Pembicaraan basa-basi kami terputus saat Erie datang. Ketika ia masuk ke dalam pembicaraan, dengan sendirinya aku tersingkir. Erie selalu tampak ceria dan lugas, mampu mengimbangi seseorang dengan tipikal Balqis. Cukup tahu diri, aku meninggalkan keduanya agar mereka bisa berbicara lebih leluasa.

Setelah lulus sekolah aku memang jarang ke luar rumah untuk main ke tempat teman, atau nongkrong dan membicarakan cowok, atau melakukan apa pun yang sedang populer. Setelah pulang kerja, ya pulang ke rumah. Malam harinya mendekam di kamar. Menonton film, mendengarkan lagu, main game, membaca novel, atau komik. Hari libur juga sama. Aku bahkan tidak ingat pernah liburan selama 6 tahun ini.

Aku bukan seorang introfert, hikikomori, atau apa pun namanya. Aku juga sangat benci jika disamakan dengan orang-orang setipe itu. Menurutku aku tidak seanti sosial itu, meski aku lebih sering berbicara dengan diriku sendiri dibanding orang lain.

Aku hampir saja melewatkan kelas yang dulunya adalah kelasku karena terlalu sibuk dengan pikiran-pikiran yang sesungguhnya tidak penting.

Aku berjalan perlahan, menghampiri kelas 3 IPS 1. Aku mencoba membuka pintunya dan ternyata tidak terkunci.

Enam tahun lalu. Sekarang seluruh otakku dibanjiri begitu banyak kenangan masa lalu. Juga tentang dia, Ryota Hamzah.

Meski nama Ryota mirip salah satu grup Jepang Katayose Ryota, tapi itu bukan dia. Ryo juga tidak memiliki darah keturunan Jepang. Ryo murni produk lokal.

Ryo adalah murid pindahan di akhir semester kelas dua. Saat itu logat jawanya masih sangat kental. Anaknya juga sopan dan ramah. Tingginya 175 senti, tapi karena badannya yang kurus, ia terkesan lebih tinggi lagi. Rambutnya hitam legam, lurus, jatuh. Bagiku sangat jarang ada cowok dengan rambut seindah itu. Warna kulitnya kecoklatan khas cowok.

Menurutku, Ryo terlihat paling keren saat dia selesai latihan basket dan berkeringat di mana-mana. Saat ia menundukkan kepalanya dan keringat dari rambutnya yang hitam jatuh menetes.

Mengingat hal itu membuat pipiku panas merona.

Semkin dalam aku memasuki kelas, semakin aliran kenangan itu ditumpahkan dengan deras ke kepalaku. Suasananya, aroma anak cowok yang begitu kental –kelasku saat itu didominasi oleh 75% anak cowok– juga keributannya.

Perasaanku yang mulai dikuasai begitu banyak kenangan, perlahan mempengaruhiku, membuat pikiranku menciptakan imajinasinya sendiri.

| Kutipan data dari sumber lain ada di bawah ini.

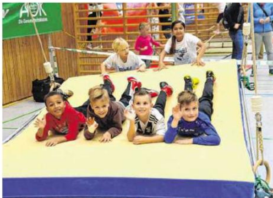
Sie hatten ihren Spaß: Beim Programm „SpoSpiTo“ war in Kempten für Kinder wieder einiges geboten.

Di mulai dengan warna cat dinding yang memudar dari warna yang awalnya biru –saat ini setiap kelas dikreasikan sesuai dengan kreatifitas penghuninya– hingga berwarna putih secara keseluruhan. Putih yang tidak baru, tidak pula terlihat kusam. Kursi-kursi lipat satu paket dengan mejanya juga ikut berubah, menyesuaikan, menjadi meja dan kursi kayu bercat coklat.

Papan tulis pun halnya, ikut tersentuh perubahan. Papan yang awalnya merupakan papan putih, bersih berubah perlahan. Dari sisi sebelah kanan. Seperti sisa bakaran yang melumat sebuah kertas dengan titik-titik apinya. Berubah, hingga kesemuanya menjadi hitam. Bukan papan tulis kosong, karena coretan kaligrafi dengan kapur warna-warni memenuhi papan yang awalnya hitam. Tulisan membentuk kalimat 'XII IPS 1.'

Begitu semuanya sempurna berubah, baik itu hiasan dindingn sampai foto Presiden dan Wakilnya, aku tersadar. Hanya bangunannya saja yang tidak berubah. Semua hal berubah seolah aku berada di tempat yang berbeda sebelumnya.

Apa… 6 tahun itu waktu yang terlampau lama, yang bisa mengubah banyak hal secaraan bersamaan?

"Hajar, kembalikan buku PR-ku!!" Teriakan seseorang menyentak perhatianku.

"Ryo, tangkap!" seru Hajar.

Ryo yang tidak siap dengan operan mendadak dari Hajar melewatkan tangkapannya. Aku yang duduk di belakang Ryo akhirnya harus menerima bahwa kepalaku akhirnya yang menjadi sasaran.

"Maaf, maaf!" Ryo berucap saat mendengarku mengaduh.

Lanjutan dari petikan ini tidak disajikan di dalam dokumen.